Exercise brief ▸ Copy the material below verbatim from the line with "This watercolor shows" to the line with "品牌型号:iPhone13 pro pro", both lines included, omitting pictures and every line outside that range.

Record extracts ▸
--------------------------------

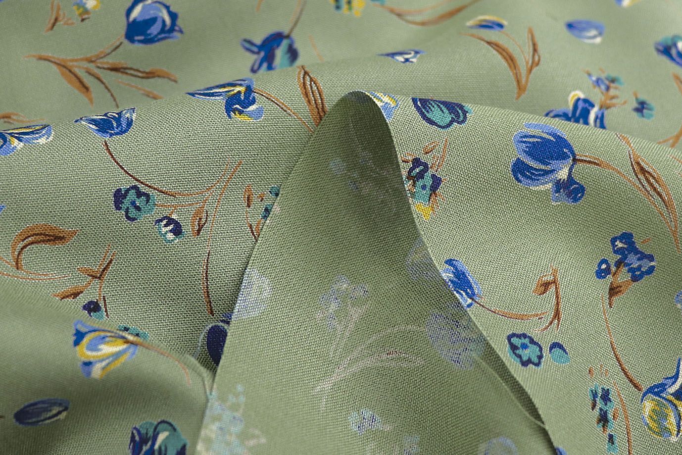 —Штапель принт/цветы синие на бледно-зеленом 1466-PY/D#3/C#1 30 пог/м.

--------------------------------

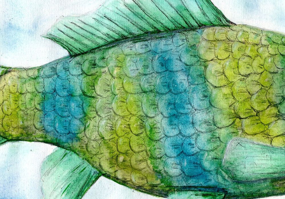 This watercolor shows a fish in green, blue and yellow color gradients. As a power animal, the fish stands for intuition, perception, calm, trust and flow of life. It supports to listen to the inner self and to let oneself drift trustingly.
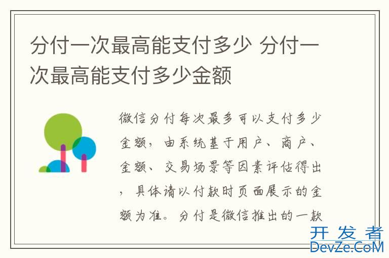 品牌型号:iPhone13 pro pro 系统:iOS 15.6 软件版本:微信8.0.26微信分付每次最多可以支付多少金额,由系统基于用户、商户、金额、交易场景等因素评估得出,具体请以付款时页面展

--------------------------------

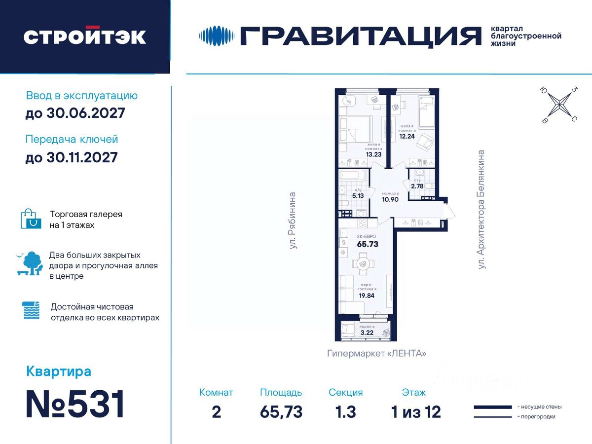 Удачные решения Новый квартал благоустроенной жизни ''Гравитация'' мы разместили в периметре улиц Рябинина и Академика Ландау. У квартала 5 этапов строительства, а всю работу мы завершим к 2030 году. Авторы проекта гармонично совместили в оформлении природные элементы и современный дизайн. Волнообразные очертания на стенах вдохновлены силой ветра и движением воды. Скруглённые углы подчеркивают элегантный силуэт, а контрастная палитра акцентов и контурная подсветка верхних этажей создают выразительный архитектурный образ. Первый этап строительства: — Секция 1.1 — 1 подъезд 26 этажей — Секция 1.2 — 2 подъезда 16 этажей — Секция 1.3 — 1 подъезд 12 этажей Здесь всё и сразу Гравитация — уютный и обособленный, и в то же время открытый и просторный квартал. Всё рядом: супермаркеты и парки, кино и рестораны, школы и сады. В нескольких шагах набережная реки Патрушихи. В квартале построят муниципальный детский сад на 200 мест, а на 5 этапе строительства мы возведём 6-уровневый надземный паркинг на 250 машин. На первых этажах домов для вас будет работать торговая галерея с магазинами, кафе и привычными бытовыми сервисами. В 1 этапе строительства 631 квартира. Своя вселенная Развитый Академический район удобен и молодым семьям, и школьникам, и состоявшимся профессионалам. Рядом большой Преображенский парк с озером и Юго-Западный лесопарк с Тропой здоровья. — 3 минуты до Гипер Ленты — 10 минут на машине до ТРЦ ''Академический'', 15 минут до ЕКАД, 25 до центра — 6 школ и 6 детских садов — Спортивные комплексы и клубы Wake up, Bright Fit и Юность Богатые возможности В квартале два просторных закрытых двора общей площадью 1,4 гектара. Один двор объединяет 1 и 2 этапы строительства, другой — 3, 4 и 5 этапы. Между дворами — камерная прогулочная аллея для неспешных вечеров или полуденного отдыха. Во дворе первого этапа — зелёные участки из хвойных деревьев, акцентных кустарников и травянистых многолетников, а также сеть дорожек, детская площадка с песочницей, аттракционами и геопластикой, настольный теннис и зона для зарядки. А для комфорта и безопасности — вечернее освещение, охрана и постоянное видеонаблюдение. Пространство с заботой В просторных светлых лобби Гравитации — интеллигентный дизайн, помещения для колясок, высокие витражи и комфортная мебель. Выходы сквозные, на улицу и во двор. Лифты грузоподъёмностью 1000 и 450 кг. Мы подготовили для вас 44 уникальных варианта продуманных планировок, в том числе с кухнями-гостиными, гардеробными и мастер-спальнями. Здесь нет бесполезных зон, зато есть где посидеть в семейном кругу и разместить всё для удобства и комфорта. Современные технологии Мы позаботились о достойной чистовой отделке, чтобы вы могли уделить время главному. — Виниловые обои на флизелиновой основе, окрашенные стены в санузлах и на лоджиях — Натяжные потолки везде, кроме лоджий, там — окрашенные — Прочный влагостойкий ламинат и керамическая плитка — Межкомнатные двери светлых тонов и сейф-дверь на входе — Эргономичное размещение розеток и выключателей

--------------------------------

Response to this exercise ▸
 This watercolor shows a fish in green, blue and yellow color gradients. As a power animal, the fish stands for intuition, perception, calm, trust and flow of life. It supports to listen to the inner self and to let oneself drift trustingly.
 品牌型号:iPhone13 pro pro 系统:iOS 15.6 软件版本:微信8.0.26微信分付每次最多可以支付多少金额,由系统基于用户、商户、金额、交易场景等因素评估得出,具体请以付款时页面展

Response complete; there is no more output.